- [EXERCISE REQUIREMENTS]: Write out the lines below exactly, beginning at the one with "正庚烷,是一种有机化合物,化" and stopping after the one with "Dark purple and"; the pictures are not copied.

- [THE DATA]:

——

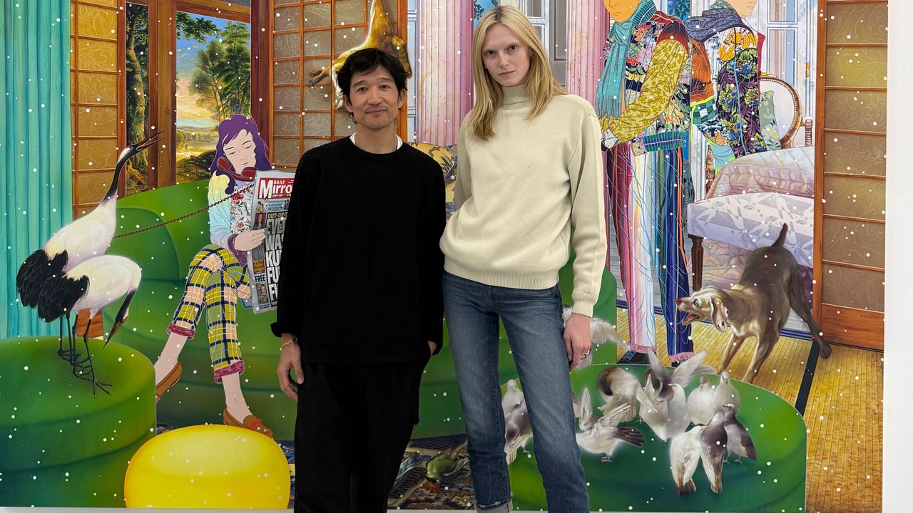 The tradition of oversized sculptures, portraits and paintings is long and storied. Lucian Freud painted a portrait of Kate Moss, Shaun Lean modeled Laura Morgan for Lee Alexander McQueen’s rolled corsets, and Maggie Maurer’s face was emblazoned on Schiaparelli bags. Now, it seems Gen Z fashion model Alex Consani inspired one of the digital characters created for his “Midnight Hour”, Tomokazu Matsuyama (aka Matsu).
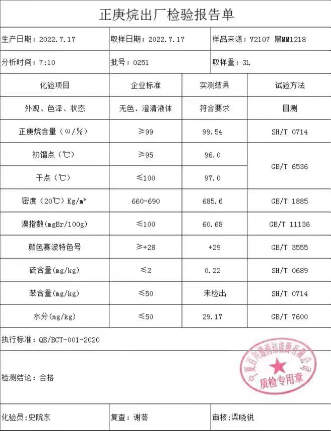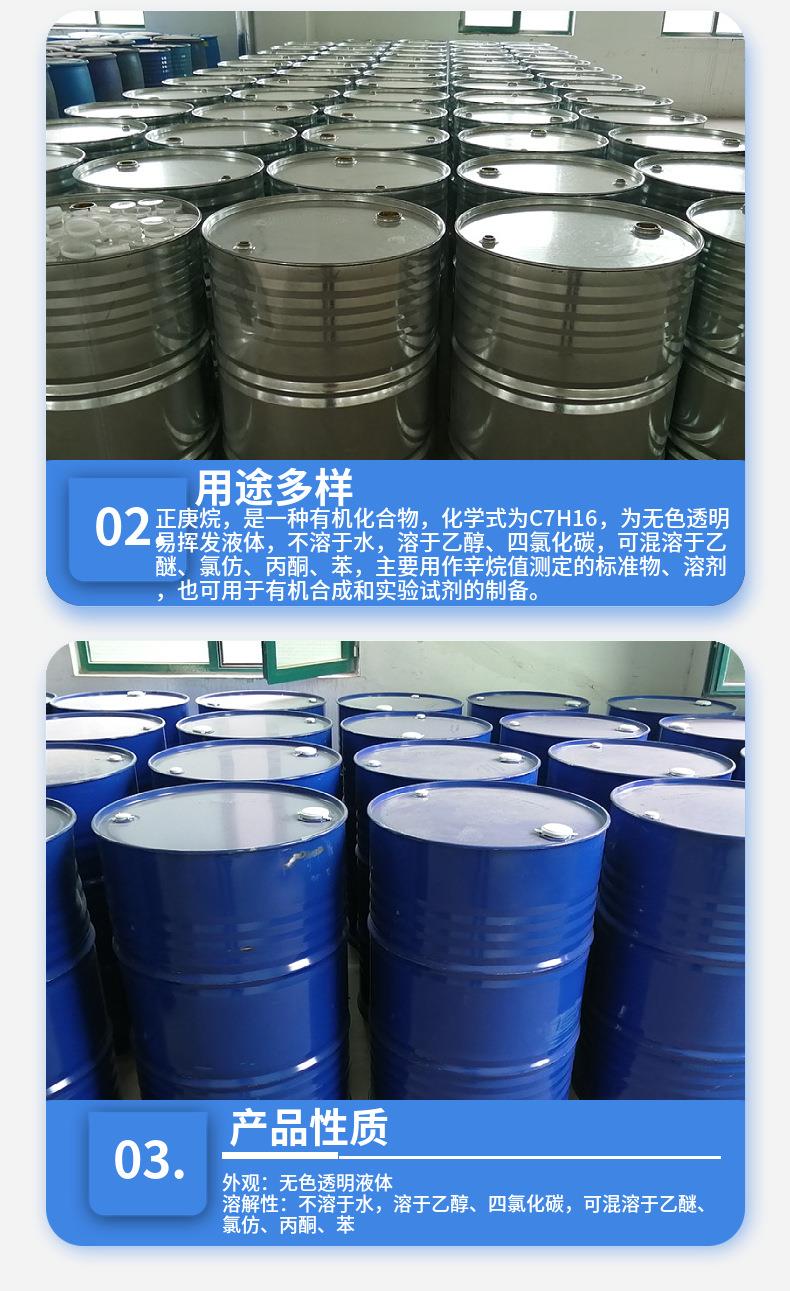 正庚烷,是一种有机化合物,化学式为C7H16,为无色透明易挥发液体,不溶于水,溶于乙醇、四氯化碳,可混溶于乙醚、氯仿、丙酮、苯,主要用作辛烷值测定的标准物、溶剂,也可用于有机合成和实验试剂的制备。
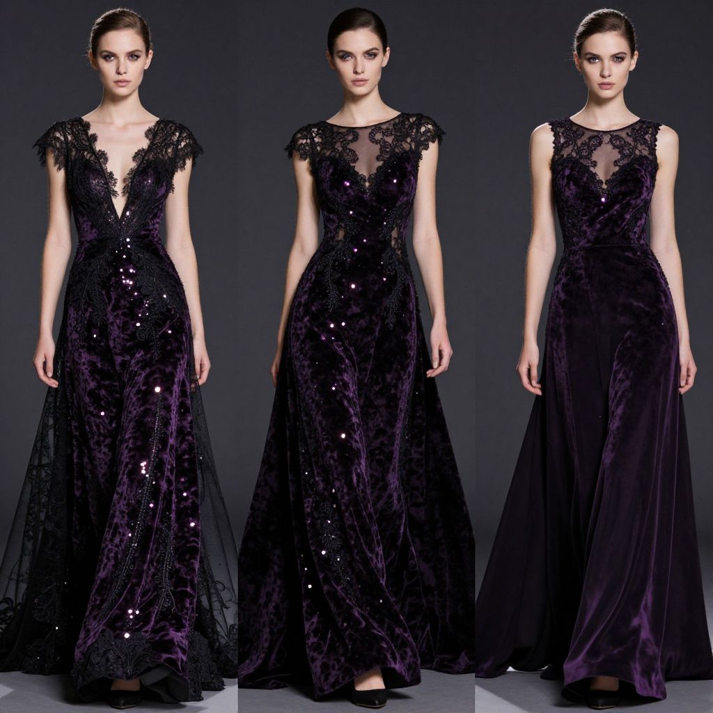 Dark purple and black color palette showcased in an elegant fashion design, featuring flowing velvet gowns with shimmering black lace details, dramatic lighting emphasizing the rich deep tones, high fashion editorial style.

——

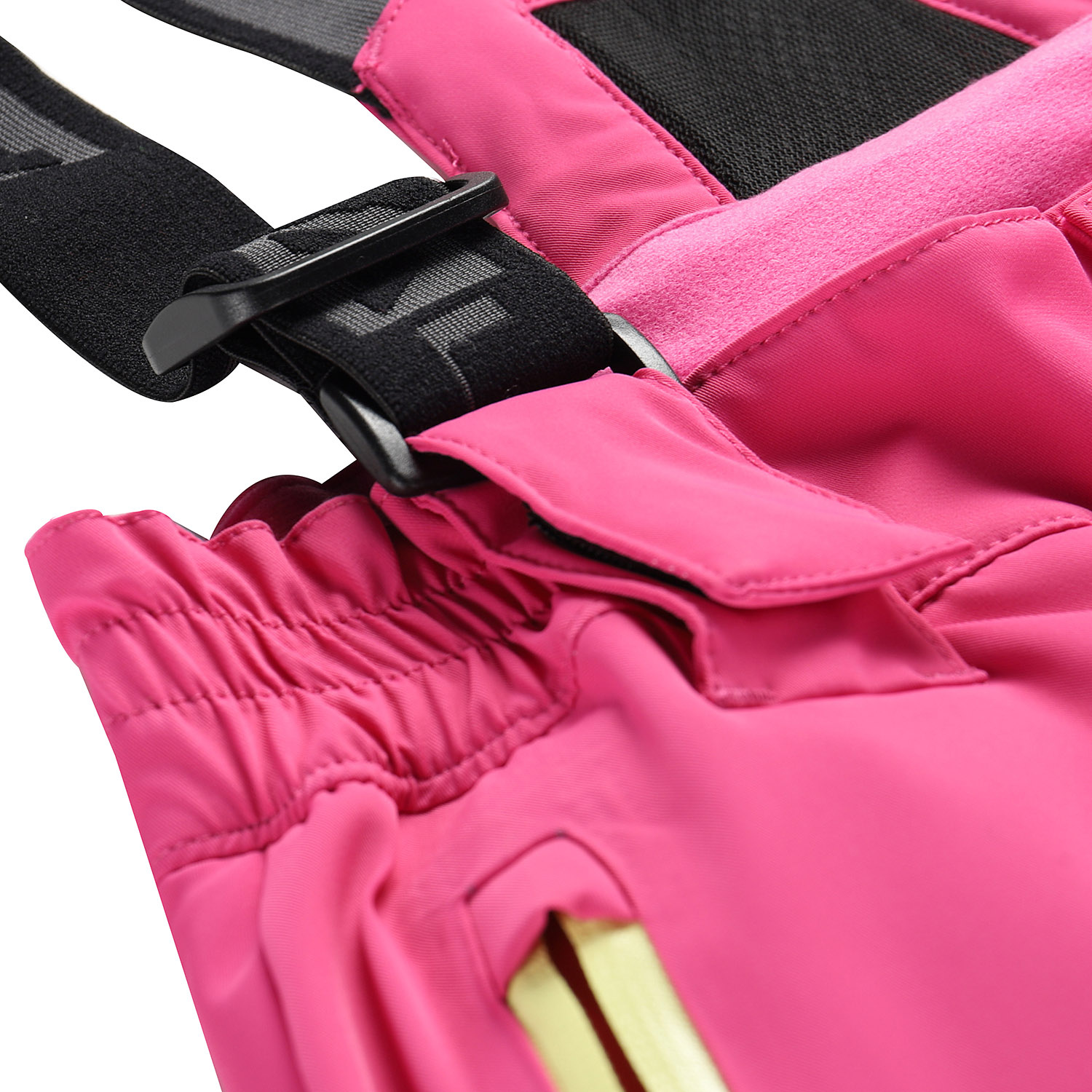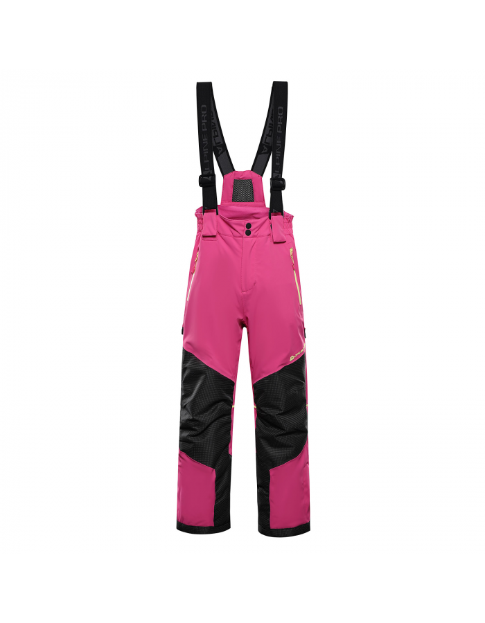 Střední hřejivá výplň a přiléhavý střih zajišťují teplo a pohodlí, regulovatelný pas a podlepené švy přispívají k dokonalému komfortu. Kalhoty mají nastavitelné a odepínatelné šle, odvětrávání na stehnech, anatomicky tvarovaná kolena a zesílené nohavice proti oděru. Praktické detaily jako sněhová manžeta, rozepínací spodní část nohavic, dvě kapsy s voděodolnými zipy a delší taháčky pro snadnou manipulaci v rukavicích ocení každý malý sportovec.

——

- [ANSWER BOX]:
 正庚烷,是一种有机化合物,化学式为C7H16,为无色透明易挥发液体,不溶于水,溶于乙醇、四氯化碳,可混溶于乙醚、氯仿、丙酮、苯,主要用作辛烷值测定的标准物、溶剂,也可用于有机合成和实验试剂的制备。
 Dark purple and black color palette showcased in an elegant fashion design, featuring flowing velvet gowns with shimmering black lace details, dramatic lighting emphasizing the rich deep tones, high fashion editorial style.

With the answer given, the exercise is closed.